How diverse is your history curriculum?

Published: 26th June 2019

Curriculum review checklist to develop history curricula

The past was full of diverse people and our students are entitled to learn about this diverse past. History lessons should enable students to see their connection to the past and to understand the world today. Here are a list of questions for history teachers to use to support a history curriculum review:

  1. Are the pasts of all students we teach represented in our curriculum?

  2. Are the pasts of the people of modern Britain represented in our curriculum?

  3. When we use visuals do they show the diversity of people who were in the past and respect their dignity?

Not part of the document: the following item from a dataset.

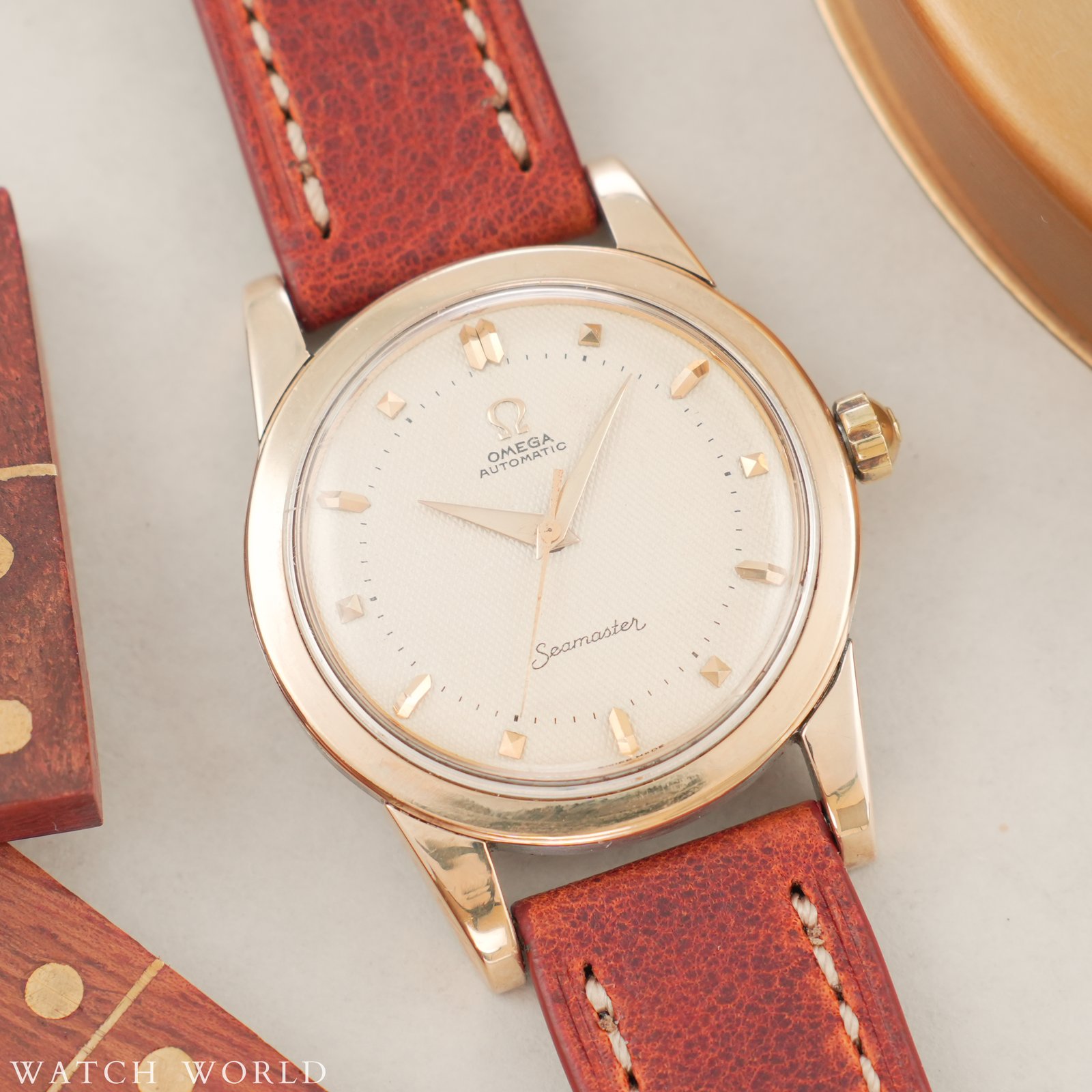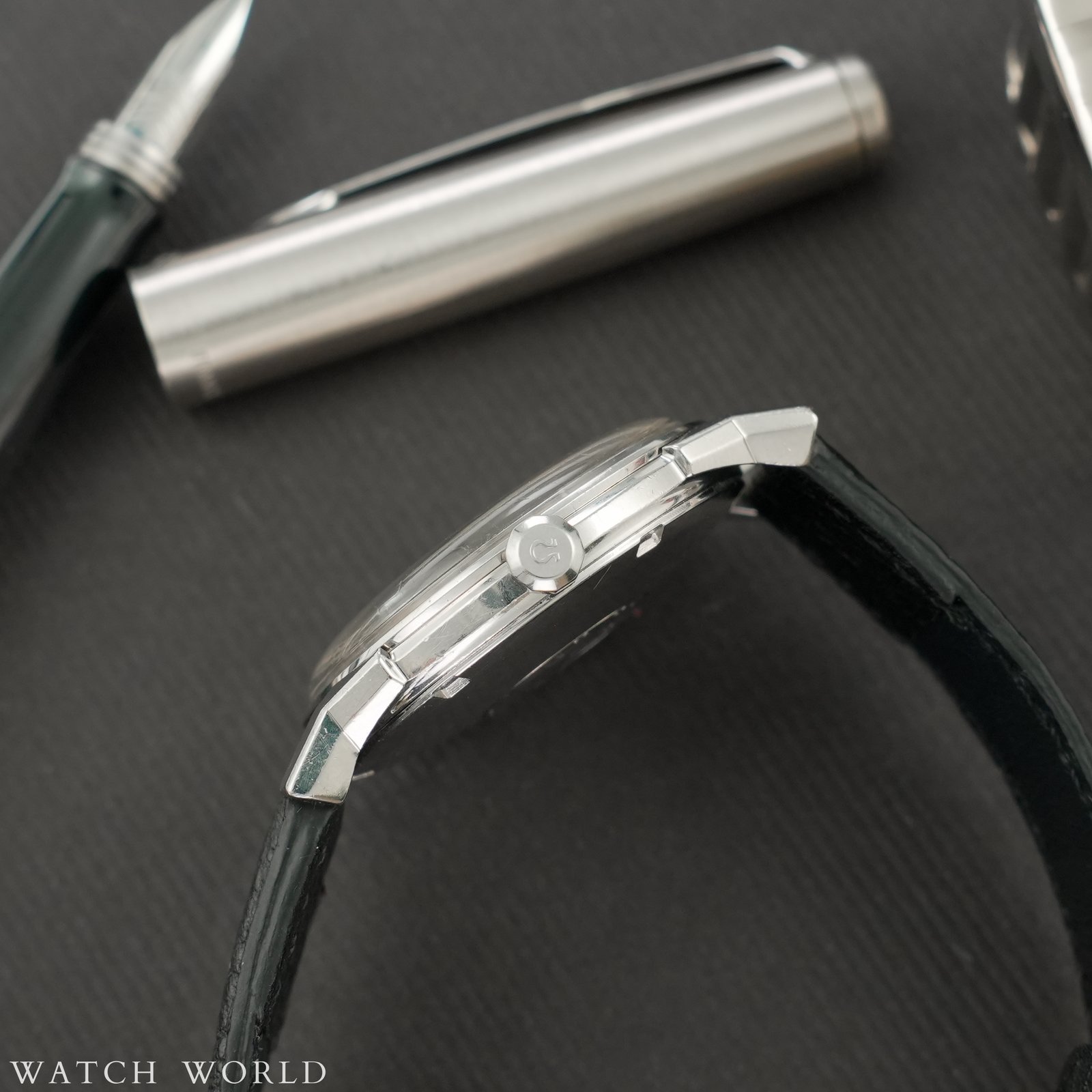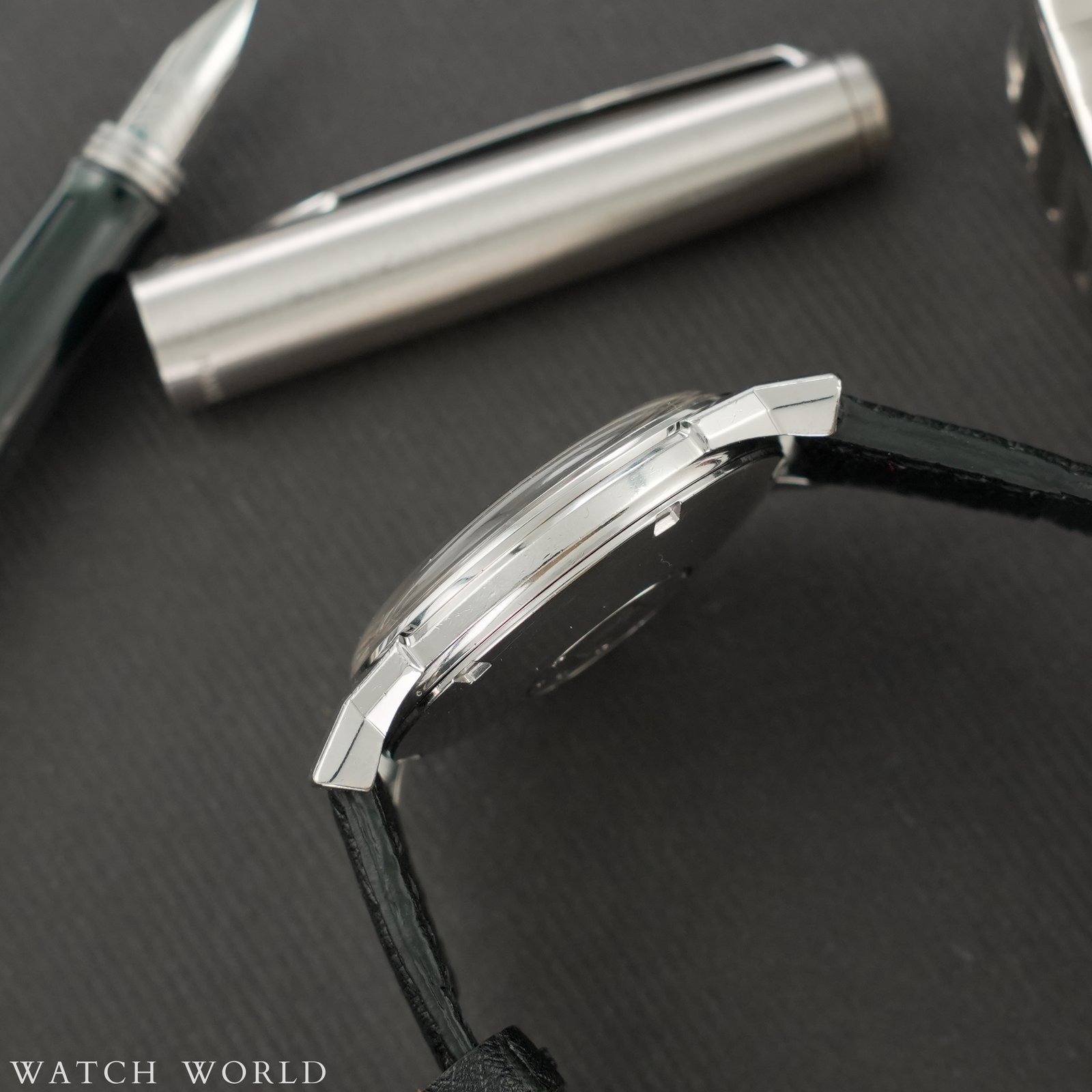 Omega Constellation ref. 168.005 cal. 561 to jeden z najbardziej poszukiwanych modeli vintage, ceniony przez rzesze zegarkowych pasjonatów na całym świecie. Ikoniczny design Geralda Genty – koperta z uszami typu dog legs z charakterystyczną koronką. Rozmiar 34mm, zachowany w bardzo dobrym stanie, oryginalne szlify. Całość uzupełnia piękna srebrna tarcza ze szlifem słonecznym. Wysokie wąskie indeksy i wskazówki typu dauphine, logowana koronka i szkiełko. W środku zegarka pracuje niezawodny mechanizm automatyczny Omega cal. 561, świezo po pełnym serwisie zegarmistrzowskim. Zegarek sprzedawany jest na nowym skórzanym pasku ze skóry strusia. Oferta objęta jest 12 miesięczną gwarancją WatchWorld oraz dostarczona z firmowym etui podróżnym. Omega Constellation dog legs to dla wielu must have i zegarek który nie schodzi z ręki.

  4. When we include the work of historians and other ‘authority’ figures do we draw on work from a diverse and representative range of people?

  5. Does our curriculum help students to understand why some past topics are still highly emotional and sensitive for some groups of people?

  6. Are our materials transnational, taking a multi-perspective approach and avoiding inappropriate Brito-centrism?

  7. Do our materials reflect up-to-date research and scholarship?

  8. When students have finished learning our history curriculum will they have learnt that:
    • 50% of people in the past were women?
    • Black people and people of colour have lived in Britain since very ancient times?
    • The story of Black people and people of colour is not just one of people as victims of white oppression?
    • Jewish people and Roma and Traveller people have a long history that is not just one of suspicion and oppression?
    • There have always been less visible groups, such as LGBT+ people and people with disabilities in society?
    • Women were not all white, not all Black people were men, and so on… that is we are thinking about people having different identities?
    • People were more rounded and complex than the labels people in power/ society gave them - they do not just appear in our curriculum to be ‘done unto’ by people in power?
    • The diverse past helps to understand the diverse present?
    • History can be studied at different levels - from the local to the global?

  9. Do our historical enquiries start and end in the right place in order to understand people as fully human, and to understand their perspectives, even if they were not white, rich, northern European and male?

  10. Does the curriculum enable students to learn that history is an evidence-based, created, contested and selective interpretation of a very diverse past and that debating, rethinking and revisiting is what historians do?